Series on Integrated Impact Assessment (IIA): 1-Overall situation and clarification of concepts
This briefing note is the first in a series of six focused on the state of the practice of integrated impact assessment (IIA). These documents focus, respectively, on:
- Overall situation and clarification of concepts
- Example of the practice of IIA at the European Commission
- Example of the practice of IIA in France
- Example of the practice of IIA in the United Kingdom
- Example of the practice of IIA in Northern Ireland
- Main challenges and issues tied to IIA
Integrated Impact Assessment (IIA) is a decision-support mechanism increasingly being considered by public administrations in industrialized countries. The movement toward the adoption of evidence-based policy has given rise to many forms of impact assessment, reflecting governmental priorities. The need to combine the various impact assessment tools which have multiplied over the years within governments arises from the desire to reduce the administrative burden associated with assessments and to ensure governmental coherence (Achtnicht, Rennings, & Hertin, 2009; Radaelli & Meuwese, 2009).
The integration of impact assessment tools is also relevant to the public health sector. Indeed, at a time when the institutionalization of health impact assessment (HIA) within government apparatus is being promoted as a way to improve the health of Canadians (Keon & Pépin, 2008; Health Council of Canada, 2010; Canadian Nurses Association, 2012), it is essential that this new form of impact assessment be positioned within the context of government decision-making processes.
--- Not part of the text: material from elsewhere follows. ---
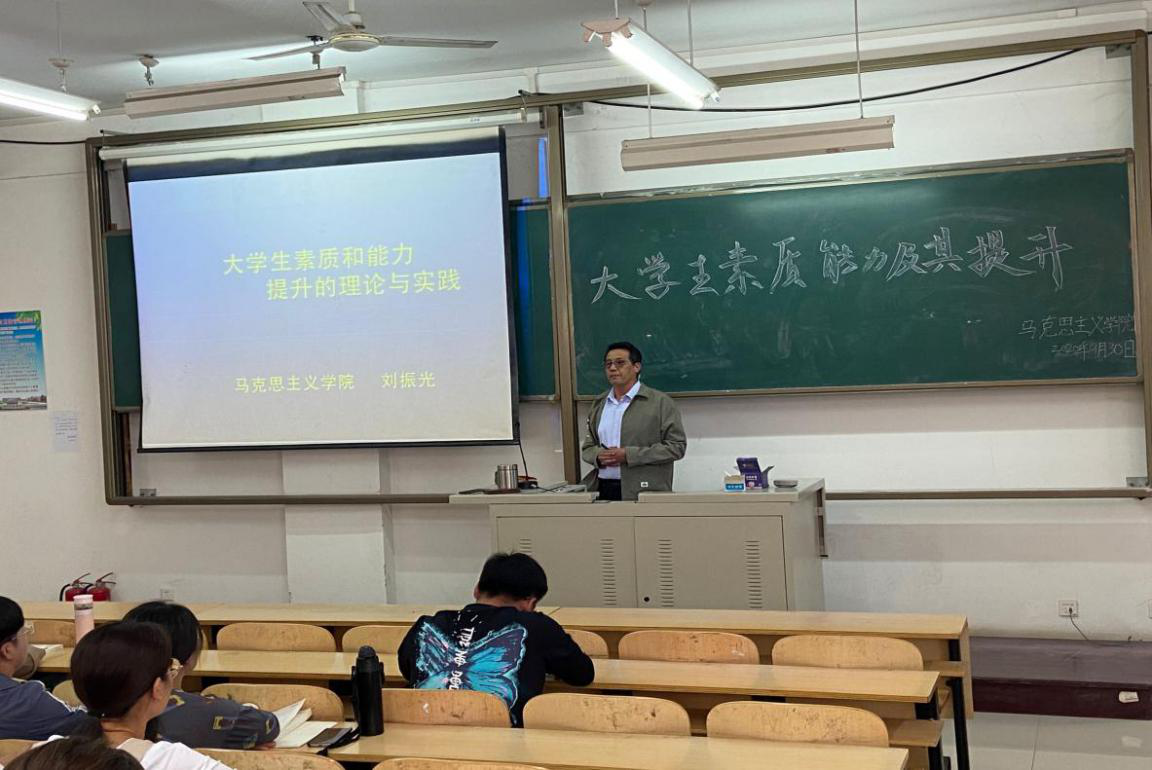 为提高20级新生的科学文化素质与实践能力,我院院长刘振光教授于2020年9月30日在一号教学楼A111教室开展了《大学生素质和能力提升的理论与实践》为主题的课程。2020级思想政治教育本科班全体学生参与了本次课程。
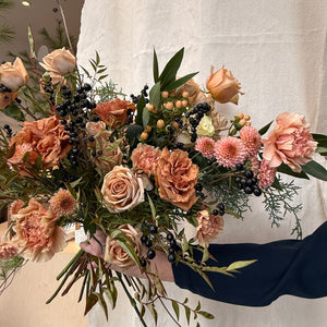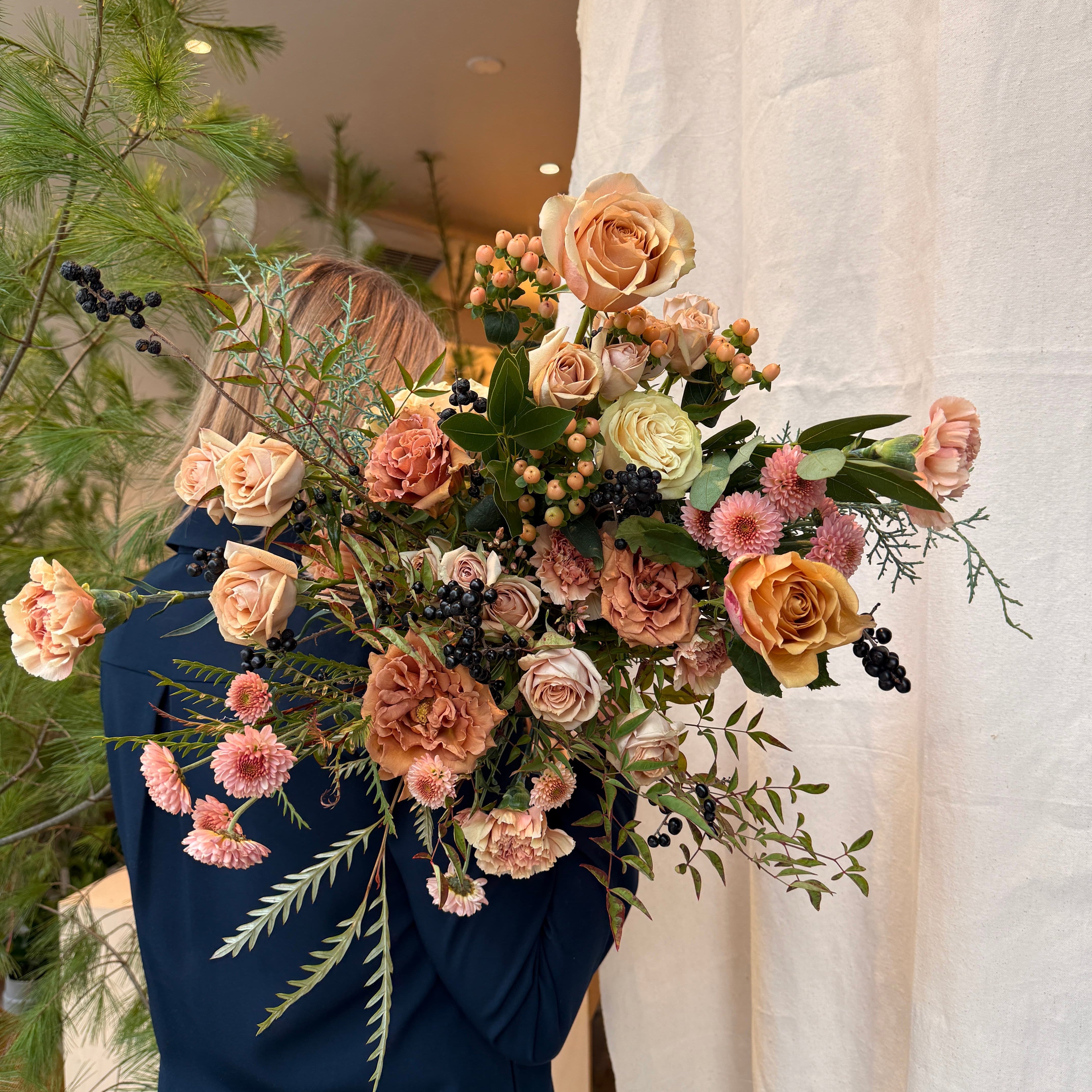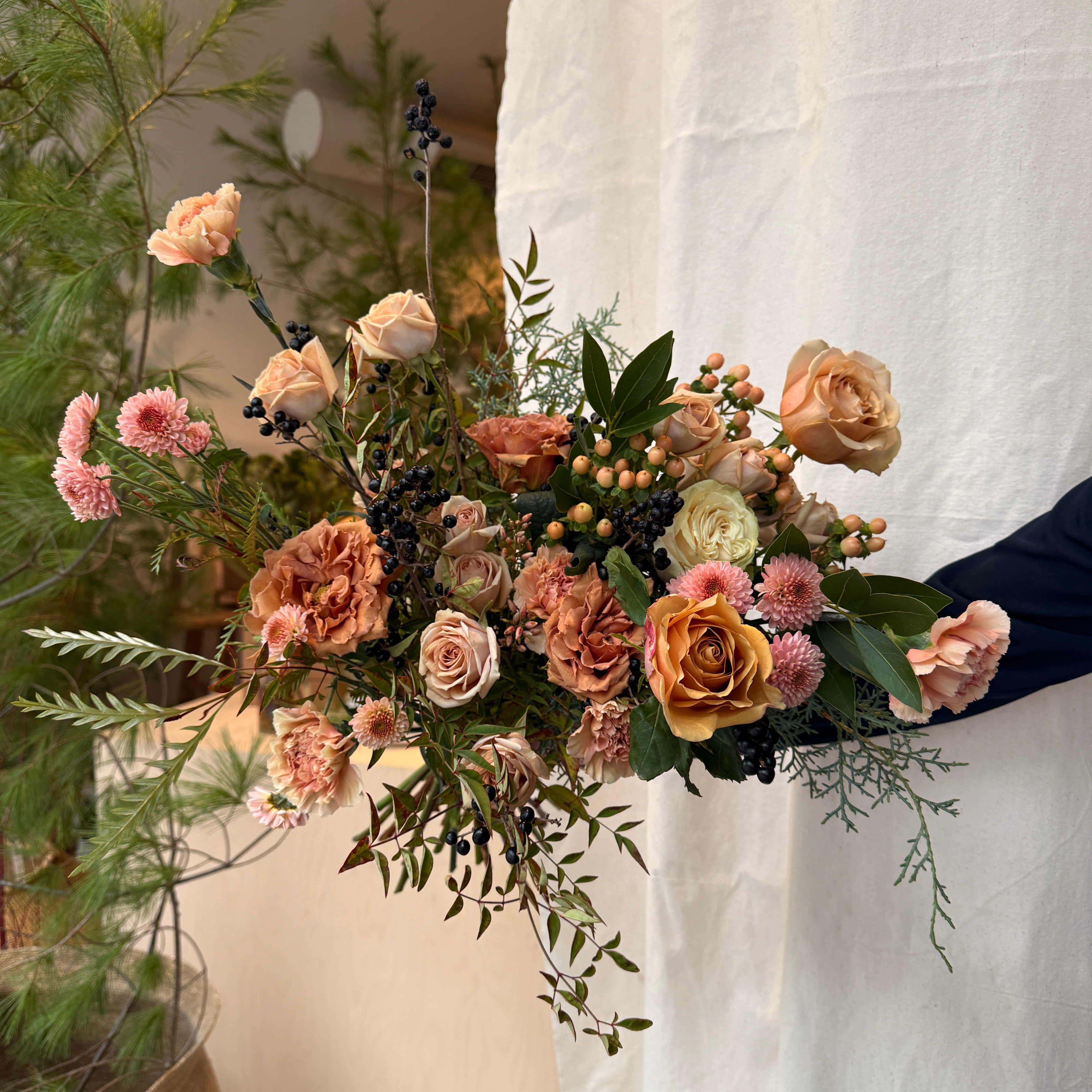 Soft and timeless, Amber Stillness captures the quiet warmth of late autumn. Blush and caramel roses mingle with textured greens and deep berries, evoking the calm beauty of a November afternoon.

The series on IIA follows from a study conducted during the summer of 2012 at the request of the Government of Québec, which is exploring this issue. The objective of the study, carried out by the National Collaborating Centre for Healthy Public Policy (NCCHPP) on behalf of Québec’s Ministère de la Santé et des Services sociaux (MSSS – the Ministry of Health and Social Services), was twofold: to examine the current state of the practice of IIA in Western countries, along with key issues, and to gather practical examples. The research methodology was based on two strategies: reviewing the literature and examining case studies. The review focused on scientific articles and the grey literature. This allowed us to identify government initiatives that could shed light on modes of governance and tools used to conduct IIAs, which could be relevant to the Canadian context.
This series is intended, firstly, for government actors from all sectors seeking knowledge about the practice of IIA, and also for public health actors who wish to learn more about integrating health concerns into the IIA process, as a means of supporting decision making.
This first note in the series briefly defines IIA and describes its origins. Then it provides an overview of the current state of practice, and presents the main findings that emerge from this overview. In addition, it clarifies certain concepts related to the practice of IIA. Indeed, given that IIA is still in its early stages and that it emerged from several schools of thought, it seems useful to closely examine the concepts underlying this type of impact assessment in order to inform the reader and remove any ambiguities about it.